= Nicholas Robinson (bishop) =

Welsh bishop

Nicholas Robinson (died 1585) was a Welsh Bishop of Bangor and correspondent of Lord William Cecil, Sir Francis Walsingham, and Robert Dudley, 1st Earl of Leicester. He was also a dean and vice-president of a college at Queens' College, Cambridge.

==Life==

Born at Conwy in North Wales, he was the second son of John Robinson, by his wife Ellin, daughter of William Brickdale. He was educated at Queens' College, Cambridge, where he matriculated in 1545 as a sizar, proceeded B.A. in 1548, and was a fellow from 1548 to 1563. In 1551 he commenced M.A., was bursar of his own college in 1551–3, and a proctor in the university for 1552, dean of his college 1577–8, and vice-president of his college in 1561. Plays written by him were acted at Queens' College in 1550, 1552, and 1553, the last being a comedy entitled Strylius. In 1555 he subscribed the Roman Catholic articles. He was ordained at Bangor by William Glynn, first as acolyte and sub-dean on 12 March 1557, then deacon on the 13th, and priest on the 14th, under a special faculty from Cardinal Pole.

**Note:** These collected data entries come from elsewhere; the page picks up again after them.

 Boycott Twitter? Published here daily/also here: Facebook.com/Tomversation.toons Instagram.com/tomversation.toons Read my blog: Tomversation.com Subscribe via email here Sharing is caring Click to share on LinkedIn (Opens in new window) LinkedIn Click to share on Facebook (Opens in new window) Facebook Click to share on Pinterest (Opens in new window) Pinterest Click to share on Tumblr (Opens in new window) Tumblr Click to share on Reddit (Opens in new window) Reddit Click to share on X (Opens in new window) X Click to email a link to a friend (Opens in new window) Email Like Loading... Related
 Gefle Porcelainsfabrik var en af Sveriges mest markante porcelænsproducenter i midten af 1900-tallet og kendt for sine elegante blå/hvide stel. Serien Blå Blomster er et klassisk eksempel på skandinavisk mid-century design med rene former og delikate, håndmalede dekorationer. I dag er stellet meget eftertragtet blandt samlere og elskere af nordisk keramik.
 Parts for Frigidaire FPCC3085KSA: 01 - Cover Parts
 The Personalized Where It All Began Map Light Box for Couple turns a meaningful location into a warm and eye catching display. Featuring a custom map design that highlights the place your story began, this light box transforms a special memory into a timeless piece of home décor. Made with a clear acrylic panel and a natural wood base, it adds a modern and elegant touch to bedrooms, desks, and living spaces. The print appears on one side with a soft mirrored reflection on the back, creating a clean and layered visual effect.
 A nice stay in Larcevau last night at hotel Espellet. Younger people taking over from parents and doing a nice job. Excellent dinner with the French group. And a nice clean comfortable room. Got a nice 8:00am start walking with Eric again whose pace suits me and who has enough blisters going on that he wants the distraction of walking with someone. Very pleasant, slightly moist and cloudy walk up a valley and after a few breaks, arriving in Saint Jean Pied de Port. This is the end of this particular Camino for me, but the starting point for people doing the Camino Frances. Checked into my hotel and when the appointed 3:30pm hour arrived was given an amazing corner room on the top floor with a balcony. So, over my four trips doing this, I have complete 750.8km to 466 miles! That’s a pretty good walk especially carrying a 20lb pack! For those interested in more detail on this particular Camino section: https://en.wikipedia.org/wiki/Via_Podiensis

On 20 December 1559 Matthew Parker licensed him to preach throughout his province, and he was then, or about that time, appointed one of his chaplains. He proceeded at Cambridge B.D. in 1560 and D.D. in 1566. A sermon preached by him at St. Paul's Cross in December 1561 was commended by Edmund Grindal. After this preferment came quickly. He was appointed on 13 December 1561 to the rectory of Shepperton in Middlesex; on 16 June 1562 to the archdeaconry of Merioneth; and on 26 August of the same year to the sinecure rectory of Northop in Flintshire. He also became rector of Witney in Oxfordshire. By right of his archdeaconry he sat in the convocation of 1563, when he subscribed the Thirty-nine Articles, and voted against the defeated proposal which was made for modification in rites and ceremonies. In 1564 he also subscribed the bishops' propositions concerning ecclesiastical dress, and wrote Tractatus de vestium usu in sacris. He was at Cambridge during Queen Elizabeth's visit in August 1564, and prepared an account of it in Latin; a similar account was written by him of the queen's visit to Oxford in 1566. He was one of the Lent preachers before the queen in 1565.

Robinson was elected bishop of Bangor, in succession to Rowland Meyrick, after much deliberation on the part of the archbishop, under a licence attested at Cambridge on 30 July 1566. He also held in commendam the archdeaconry of Merioneth, and the rectories of Witney, Northop, and Shepperton. The archdeaconry he resigned in 1573 in favour of his kinsman, Humphrey Robinson, but he took instead the archdeaconry of Anglesey, which he held until his death. He resigned Shepperton about November 1574.

For the next few years Robinson acted against the non-Protestant customs in his diocese. On 7 October 1567 he wrote to Sir William Cecil, noticing the use of images, altars, pilgrimages, and vigils. On 23 April 1571 he was acting as one of the commissioners for ecclesiastical causes at Lambeth, and in the convocation held that year he subscribed the English translation of the Thirty-nine Articles and the book of Canons. About 1581 he was still suspected of Catholic tendencies; on 28 May 1582 he wrote two letters, one to Francis Walsingham and the other to Robert Dudley, 1st Earl of Leicester, justifying himself.

He died on 13 February 1585, and was buried on the 17th in Bangor Cathedral on the south side of the high altar. His effigy and arms were delineated in brass, but the figure had been removed at the time of Browne Willis's survey in 1720.

==Works==

Robinson made a collection on Welsh history, which was formerly preserved in the Hengwrt Library. He sent to Archbishop Parker a copy of part of Eadmer's history. He translated into Latin a life of Gruffydd ab Cynan from an old Welsh text at Gwydyr; the text and translation were edited by the Rev. Robert Williams for the Archaeologia Cambrensis for 1866. William Morgan, in the dedication of his Welsh version of the bible (published in 1588), acknowledges assistance from a bishop of Bangor, presumed to be Robinson.

==Family==

Robinson married Jane, daughter of Randal Brereton, by Mary, daughter of Sir William Griffith of Penrhyn, chamberlain of North Wales, and by her he had numerous sons, including Hugh, and William, his eldest, whose son was John Robinson (1617–1681) the royalist.